• [Exercise input]
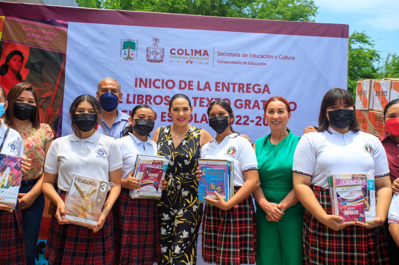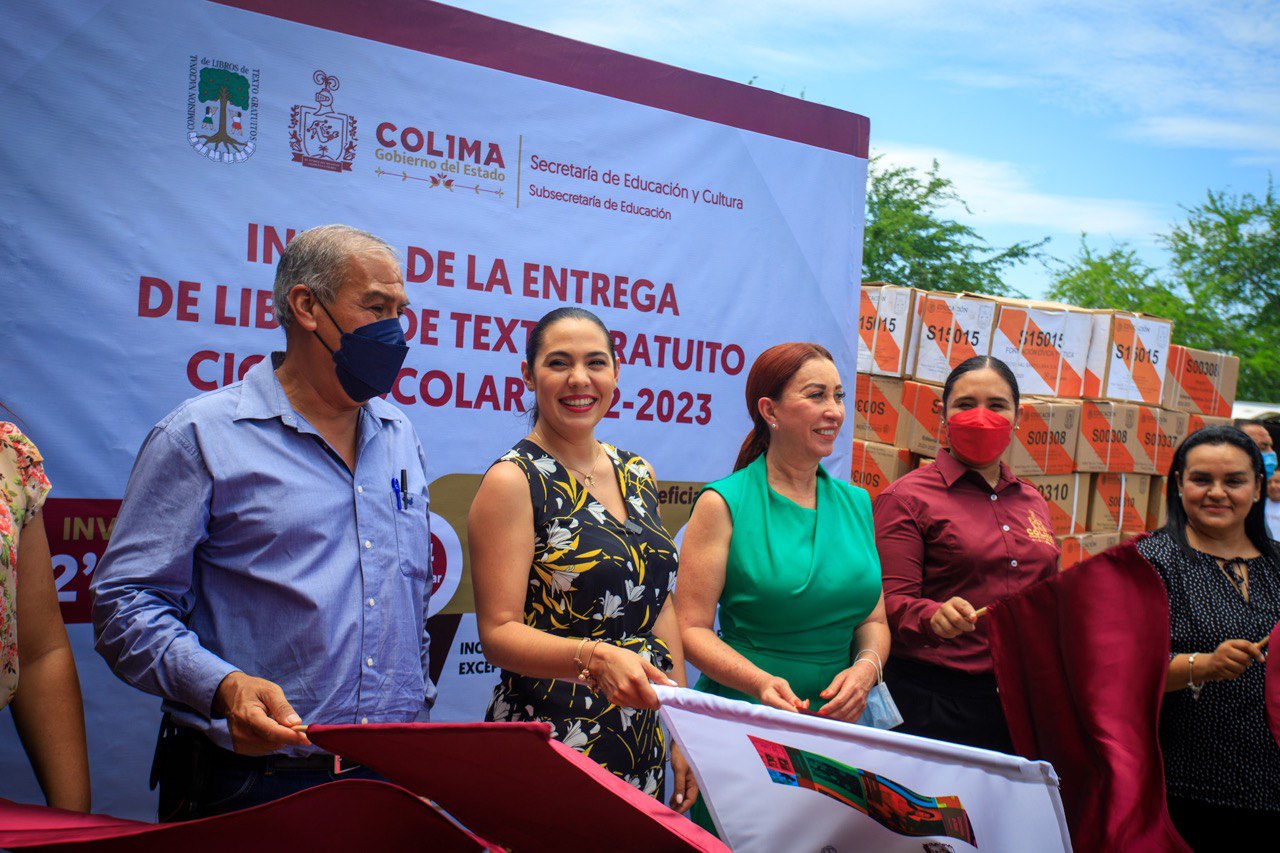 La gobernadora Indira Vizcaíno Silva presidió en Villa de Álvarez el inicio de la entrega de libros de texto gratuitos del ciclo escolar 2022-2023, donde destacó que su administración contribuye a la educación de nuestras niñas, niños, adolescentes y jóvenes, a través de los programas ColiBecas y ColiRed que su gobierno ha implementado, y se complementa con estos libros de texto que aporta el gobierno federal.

==

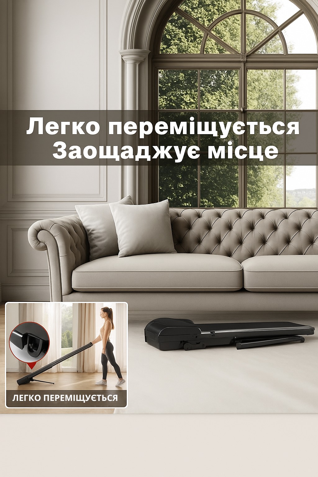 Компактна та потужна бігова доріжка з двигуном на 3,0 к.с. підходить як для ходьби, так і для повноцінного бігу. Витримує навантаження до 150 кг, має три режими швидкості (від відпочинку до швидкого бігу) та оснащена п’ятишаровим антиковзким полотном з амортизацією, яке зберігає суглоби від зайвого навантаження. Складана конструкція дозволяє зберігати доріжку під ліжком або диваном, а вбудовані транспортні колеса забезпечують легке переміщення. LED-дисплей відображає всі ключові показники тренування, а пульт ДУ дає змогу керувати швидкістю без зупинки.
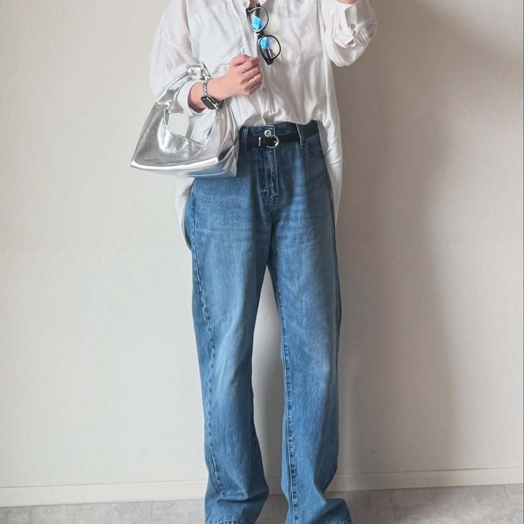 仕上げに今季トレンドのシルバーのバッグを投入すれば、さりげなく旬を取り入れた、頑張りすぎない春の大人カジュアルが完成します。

==

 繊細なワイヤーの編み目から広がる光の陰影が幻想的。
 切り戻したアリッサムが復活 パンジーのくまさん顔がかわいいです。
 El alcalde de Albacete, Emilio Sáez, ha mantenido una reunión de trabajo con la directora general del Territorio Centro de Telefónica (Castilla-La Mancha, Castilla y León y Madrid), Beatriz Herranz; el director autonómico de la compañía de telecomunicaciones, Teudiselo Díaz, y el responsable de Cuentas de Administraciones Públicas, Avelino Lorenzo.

• [Description of the task] Start at the line containing "Компактна та потужна" above and stop at the line containing "仕上げに今季トレンドのシルバ". Output those lines exactly, both included, but none of the pictures.

• [Finished exercise]
 Компактна та потужна бігова доріжка з двигуном на 3,0 к.с. підходить як для ходьби, так і для повноцінного бігу. Витримує навантаження до 150 кг, має три режими швидкості (від відпочинку до швидкого бігу) та оснащена п’ятишаровим антиковзким полотном з амортизацією, яке зберігає суглоби від зайвого навантаження. Складана конструкція дозволяє зберігати доріжку під ліжком або диваном, а вбудовані транспортні колеса забезпечують легке переміщення. LED-дисплей відображає всі ключові показники тренування, а пульт ДУ дає змогу керувати швидкістю без зупинки.
 仕上げに今季トレンドのシルバーのバッグを投入すれば、さりげなく旬を取り入れた、頑張りすぎない春の大人カジュアルが完成します。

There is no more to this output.